Debasement almost always causes inflation — eroding the buying power of the lower and middle class. Because it creates a cascade renegotiation across a market about who absorbs the inflation, who loses purchasing power, whose wages stagnate, whose assets appreciate.

Debasement often benefits older generations whose assets grow in value because of inflation. While punishing the younger generation whose main wealth growth instrument — wages — rarely keeps up with inflationary trends.

Comparing the U.S. to Japan may be a convenient sleight of hand for those in power. But this sleight of hand may be losing its luster for many younger Americans who appear to be turning to demagogues with simple narratives about wicked or greedy cabals to requit their economic woes.

The debt may not be a crisis in the way a hurricane is a crisis. But it does appear to be a problem that's structural, slow-moving, and often resistant to simple fixes.

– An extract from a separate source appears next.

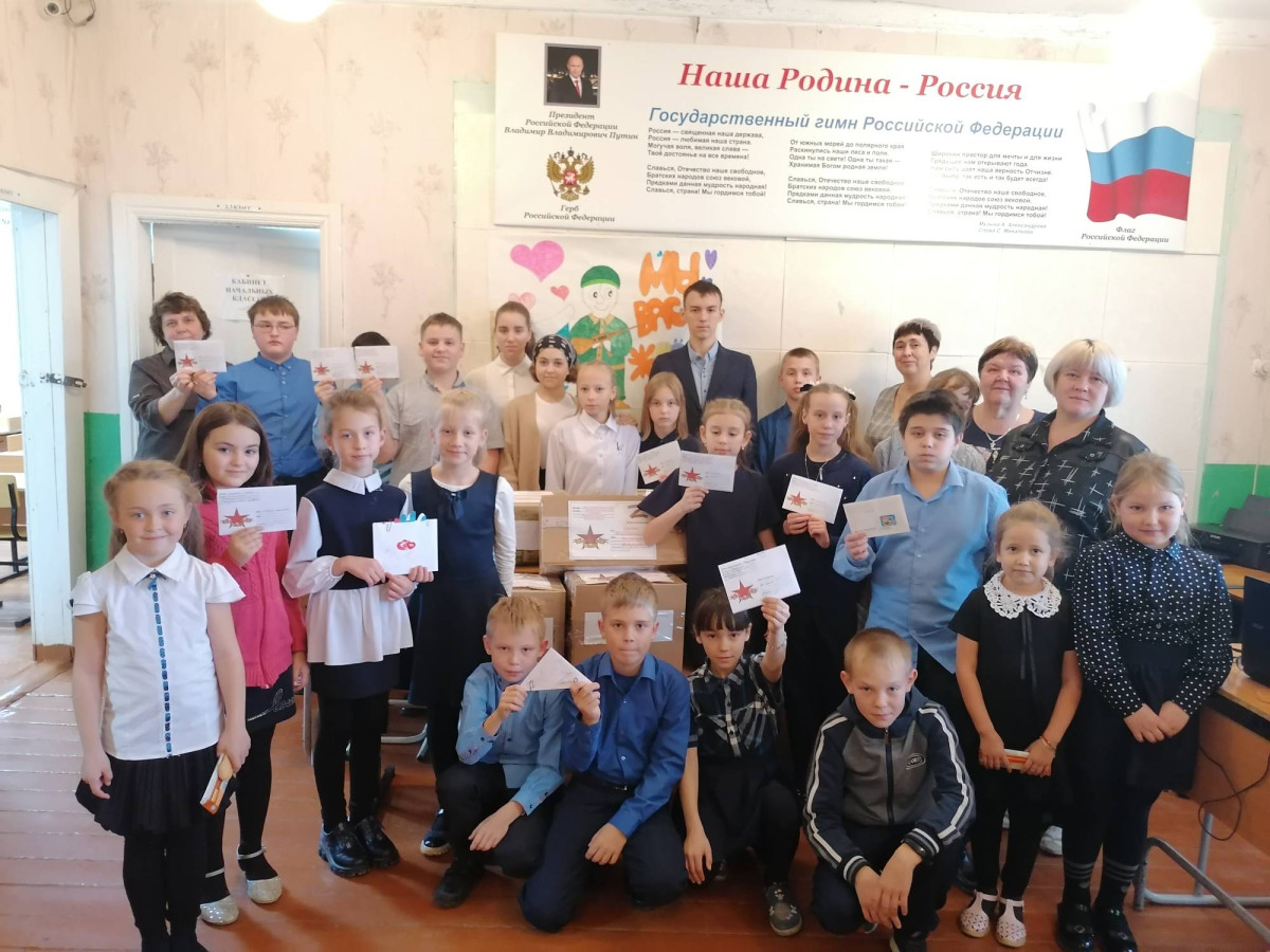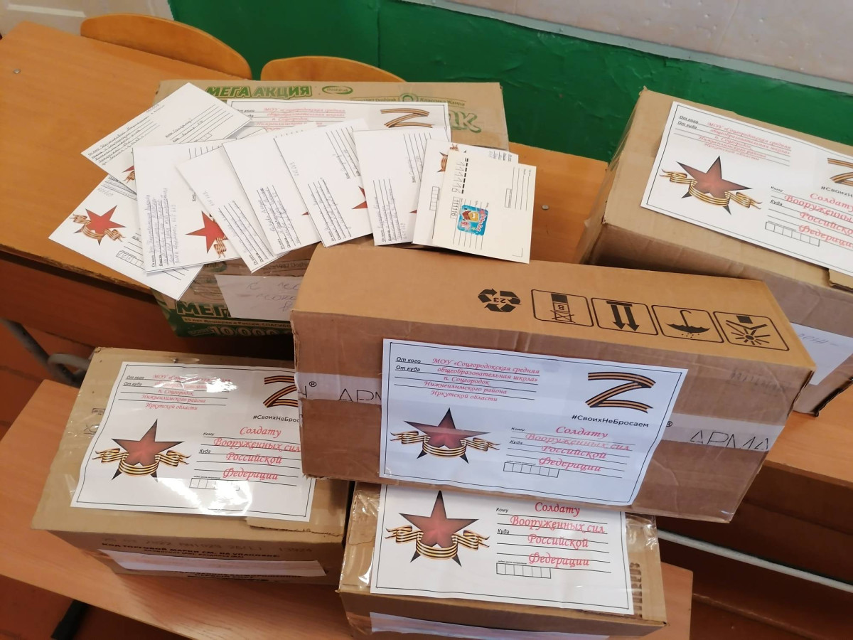 В школе собрали посылки и написали письма для мужчин, мобилизованных для участия в специальной военной операции на Украине. В сборе участвовали все сотрудники и ученики, родители.

The one thing that seems true about American debt is that the debt will continue to grow — the only remaining question is which generation hands it in.


Sources

  1. Congressional Budget Office. "The 2024 Long-Term Budget Outlook." CBO, March 2024.
  2. U.S. Department of the Treasury. "Major Foreign Holders of Treasury Securities." TIC Data, 2026.
  3. Board of Governors of the Federal Reserve System. "Factors Affecting Reserve Balances (H.4.1)." Federal Reserve, 2026.
  4. International Monetary Fund. "World Economic Outlook Database." IMF, October 2024.
  5. U.S. Bureau of Economic Analysis. National Income and Product Accounts. BEA, 2024.
  6. Reinhart, Carmen M., and Kenneth S. Rogoff. This Time Is Different: Eight Centuries of Financial Folly. Princeton University Press, 2009.